▶ _EXERCISE_
Print the data exactly as written, but leave out each picture.

▶ _INFORMATION SHOWN_
::::::

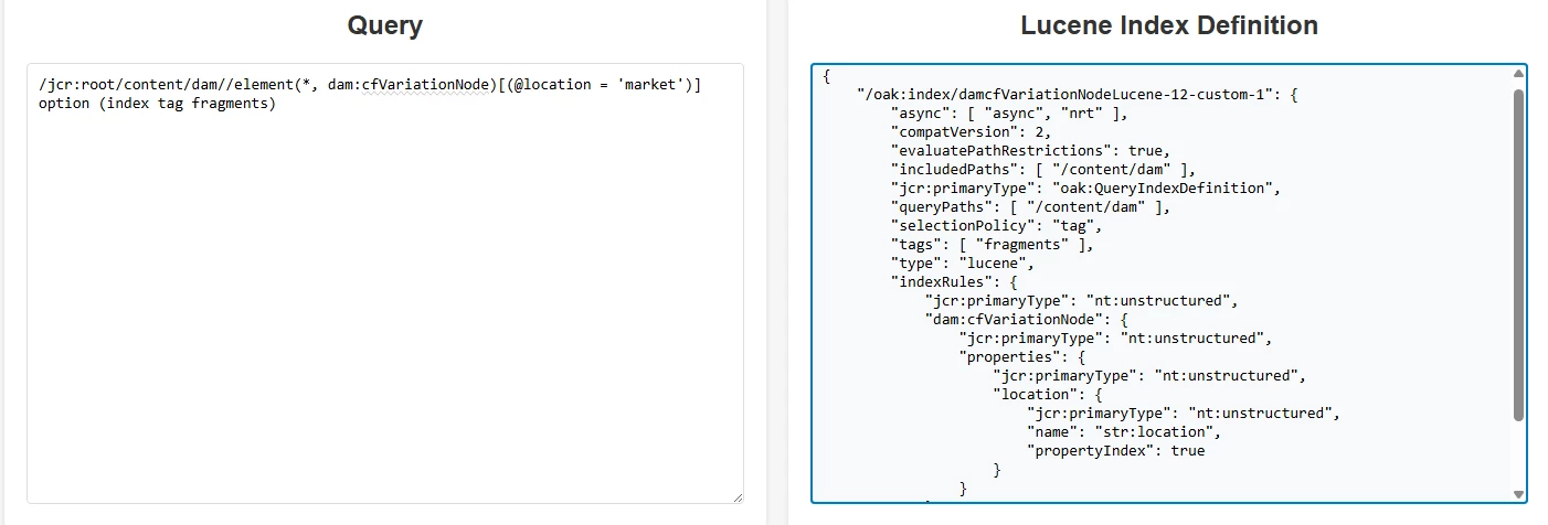 { "/oak:index/damcfVariationNodeLucene-12-custom-1": { "async": [ "async", "nrt" ], "compatVersion": 2, "evaluatePathRestrictions": true, "includedPaths": [ "/content/dam" ], "jcr:primaryType": "oak:QueryIndexDefinition", "queryPaths": [ "/content/dam" ], "selectionPolicy": "tag", "tags": [ "fragments" ], "type": "lucene", "indexRules": { "jcr:primaryType": "nt:unstructured", "dam:cfVariationNode": { "jcr:primaryType": "nt:unstructured", "properties": { "jcr:primaryType": "nt:unstructured", "location": { "jcr:primaryType": "nt:unstructured", "name": "str:location", "propertyIndex": true } } } } } }
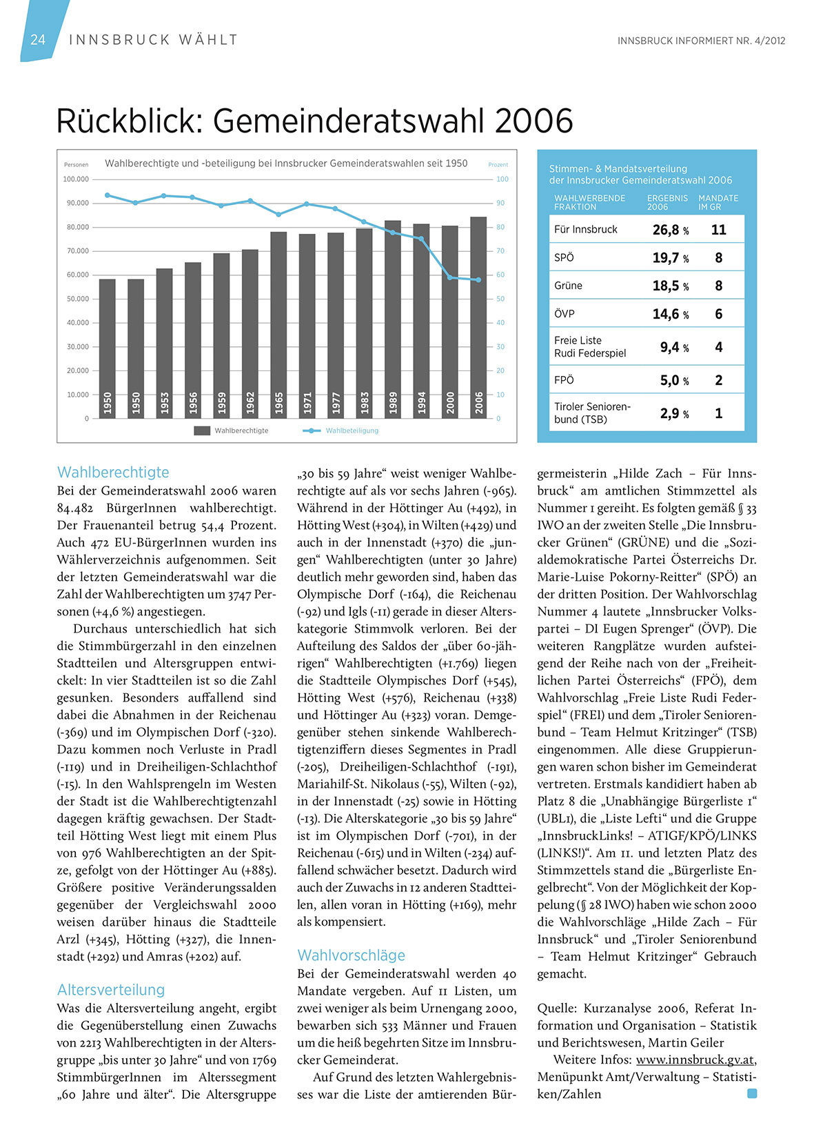 und Höttinger Au (+323) voran. Demgegenüber stehen sinkende Wahlberechtigtenziffern dieses Segmentes in Pradl
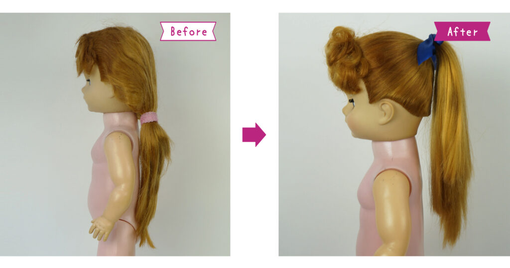前髪をカールし、後ろはストレートにしてポニーテールにまとめました。
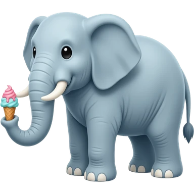 Pink elephant with blue polkadots, eating an ice cream cone with chocolate, vanilla, and strawberry emoji

::::::

▶ _RESULT OF THE TASK_
 { "/oak:index/damcfVariationNodeLucene-12-custom-1": { "async": [ "async", "nrt" ], "compatVersion": 2, "evaluatePathRestrictions": true, "includedPaths": [ "/content/dam" ], "jcr:primaryType": "oak:QueryIndexDefinition", "queryPaths": [ "/content/dam" ], "selectionPolicy": "tag", "tags": [ "fragments" ], "type": "lucene", "indexRules": { "jcr:primaryType": "nt:unstructured", "dam:cfVariationNode": { "jcr:primaryType": "nt:unstructured", "properties": { "jcr:primaryType": "nt:unstructured", "location": { "jcr:primaryType": "nt:unstructured", "name": "str:location", "propertyIndex": true } } } } } }
 und Höttinger Au (+323) voran. Demgegenüber stehen sinkende Wahlberechtigtenziffern dieses Segmentes in Pradl
前髪をカールし、後ろはストレートにしてポニーテールにまとめました。
 Pink elephant with blue polkadots, eating an ice cream cone with chocolate, vanilla, and strawberry emoji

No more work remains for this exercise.